> [Provided data]
*****
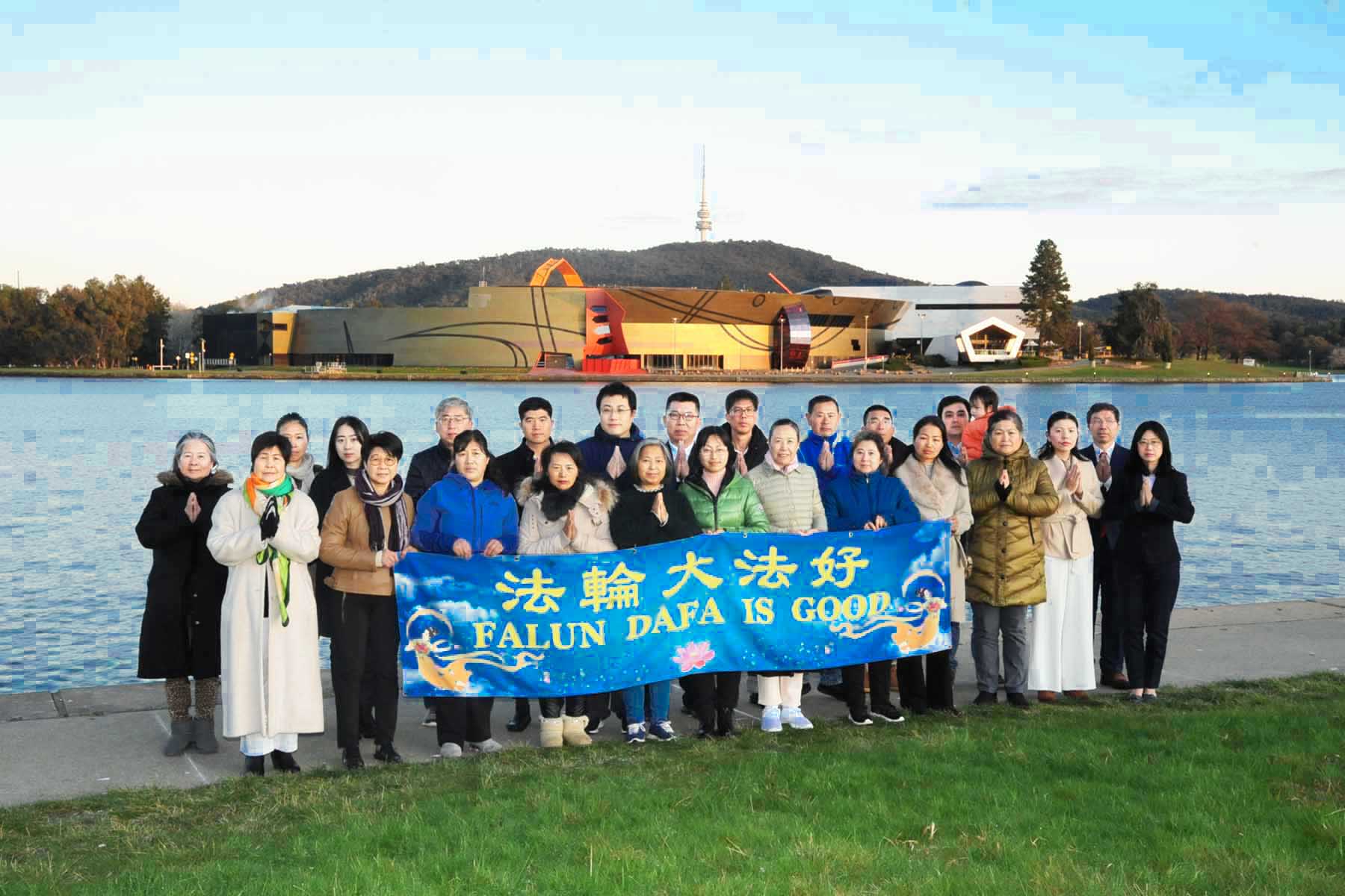 ![]() 图1:澳洲堪培拉部份法轮功学员在格林湖畔的国家博物馆前,恭祝师尊中秋节快乐! |
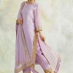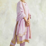 Exquisite soft chanderi kurta with antique gold gota embroidery on the hem . Cigarette pants with antique gold on the edge , Soft chanderi odhani with antique gold gota highlighting at the edges.
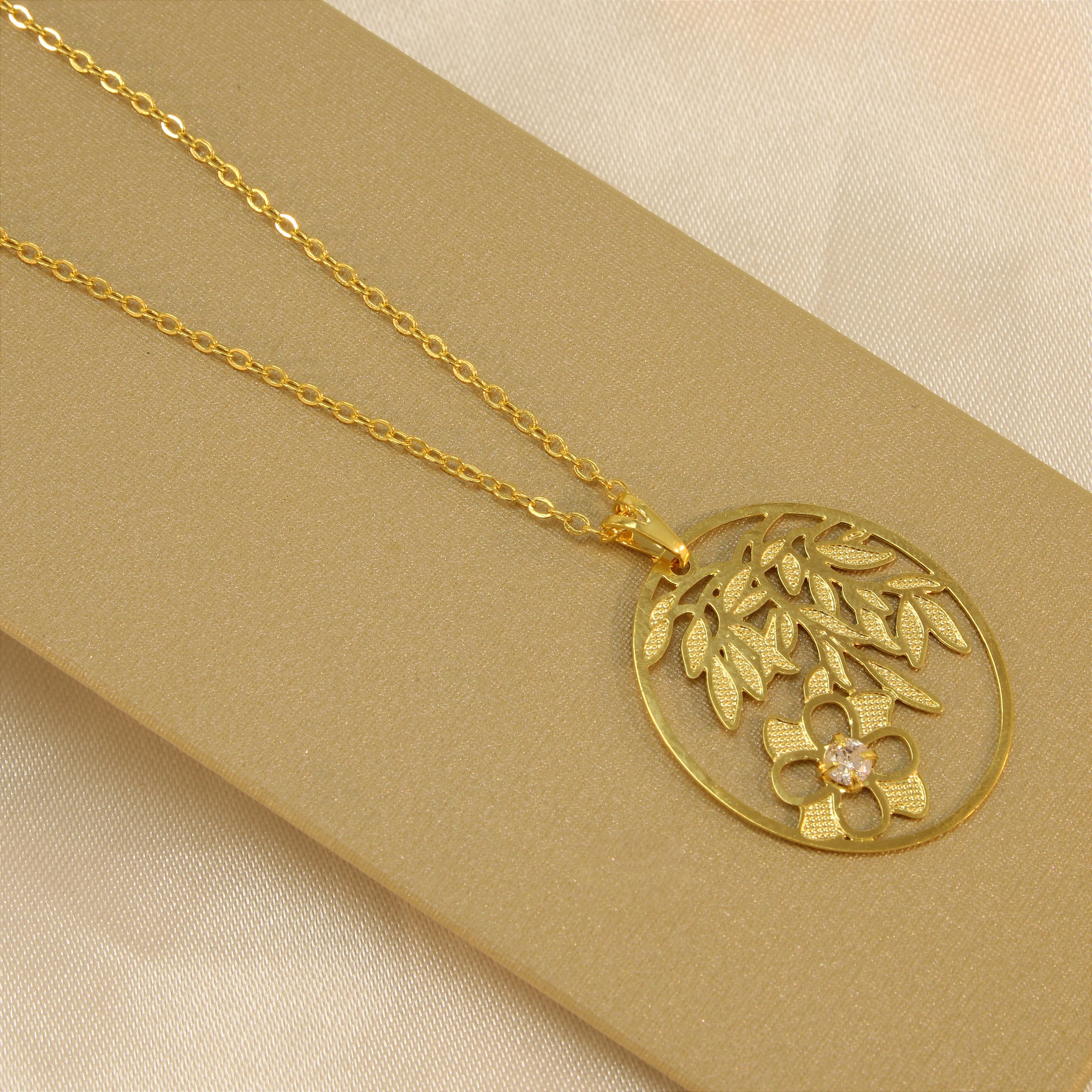 Gargantilha com Desing de Flor e Detalhe em Zircônia Cristal Banhado a Ouro 18k
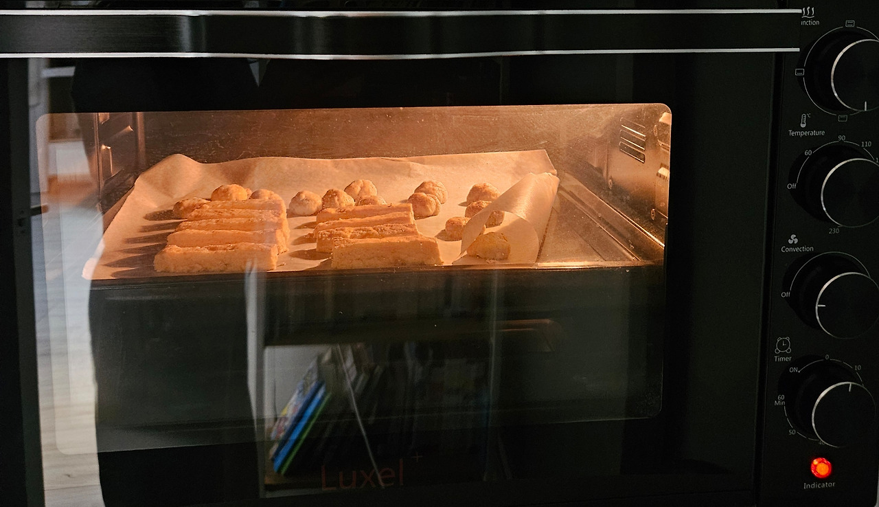 그렇게 저녁시간 내내 주방에서 버터, 밀가루, 달걀 개량해서 녹이고 반죽하고 섞고.
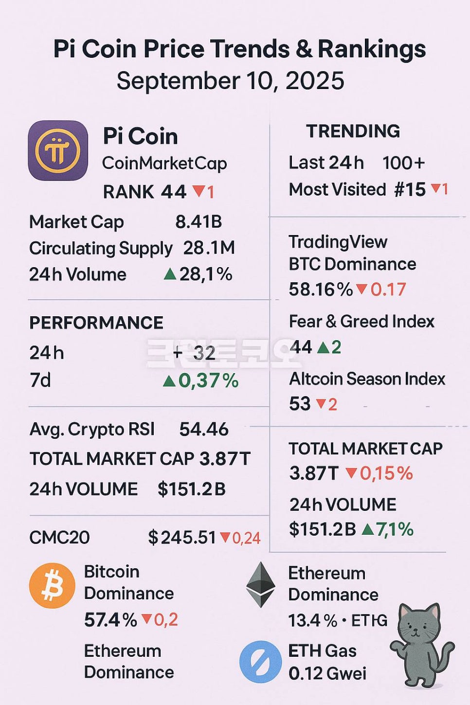 파이코인 가격과 시세 지표 변화를 요약한 2025년 9월 10일 암호화폐 시장 인포그래픽
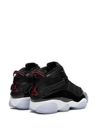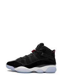 6 Rings "Black/Gym Red/White" sneakers Michael Jordan wore seven different styles of his signature sneaker while winning six NBA championships with the Bulls - the Air Jordan 6 Rings is a tribute to each championship. Popular and easily recognizable, these high-top sneakers boast a black, white and blue colourway with red branded details. Highlights - Black/blue/white - Leather - Patent finish - Signature jumpman motif - Panelled design - Perforated detailing - Round toe - Front lace-up fastening - Branded heel counter - Chunky rubber sole - These styles are supplied by a premium sneaker marketplace. stocking only the most sought-after footwear, they source and curate some of the most hard to find sneakers from around the world. Imported Composition Leather 100%
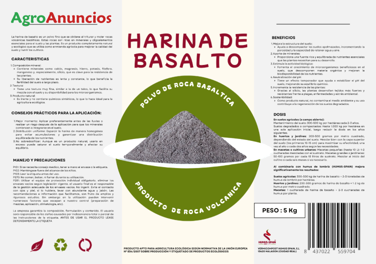 El basalto contiene una serie de nutrientes esenciales para cualquier cultivo: silicio, calcio, magnesio, hierro, manganeso, zinc, oligoelementos.
*****
> [Brief]
Keep every word of the records and none of the pictures when you print them again.

> [Written answer]
 ![]() 图1:澳洲堪培拉部份法轮功学员在格林湖畔的国家博物馆前,恭祝师尊中秋节快乐! |
 Exquisite soft chanderi kurta with antique gold gota embroidery on the hem . Cigarette pants with antique gold on the edge , Soft chanderi odhani with antique gold gota highlighting at the edges.
 Gargantilha com Desing de Flor e Detalhe em Zircônia Cristal Banhado a Ouro 18k
 그렇게 저녁시간 내내 주방에서 버터, 밀가루, 달걀 개량해서 녹이고 반죽하고 섞고.
 파이코인 가격과 시세 지표 변화를 요약한 2025년 9월 10일 암호화폐 시장 인포그래픽
 6 Rings "Black/Gym Red/White" sneakers Michael Jordan wore seven different styles of his signature sneaker while winning six NBA championships with the Bulls - the Air Jordan 6 Rings is a tribute to each championship. Popular and easily recognizable, these high-top sneakers boast a black, white and blue colourway with red branded details. Highlights - Black/blue/white - Leather - Patent finish - Signature jumpman motif - Panelled design - Perforated detailing - Round toe - Front lace-up fastening - Branded heel counter - Chunky rubber sole - These styles are supplied by a premium sneaker marketplace. stocking only the most sought-after footwear, they source and curate some of the most hard to find sneakers from around the world. Imported Composition Leather 100%
 El basalto contiene una serie de nutrientes esenciales para cualquier cultivo: silicio, calcio, magnesio, hierro, manganeso, zinc, oligoelementos.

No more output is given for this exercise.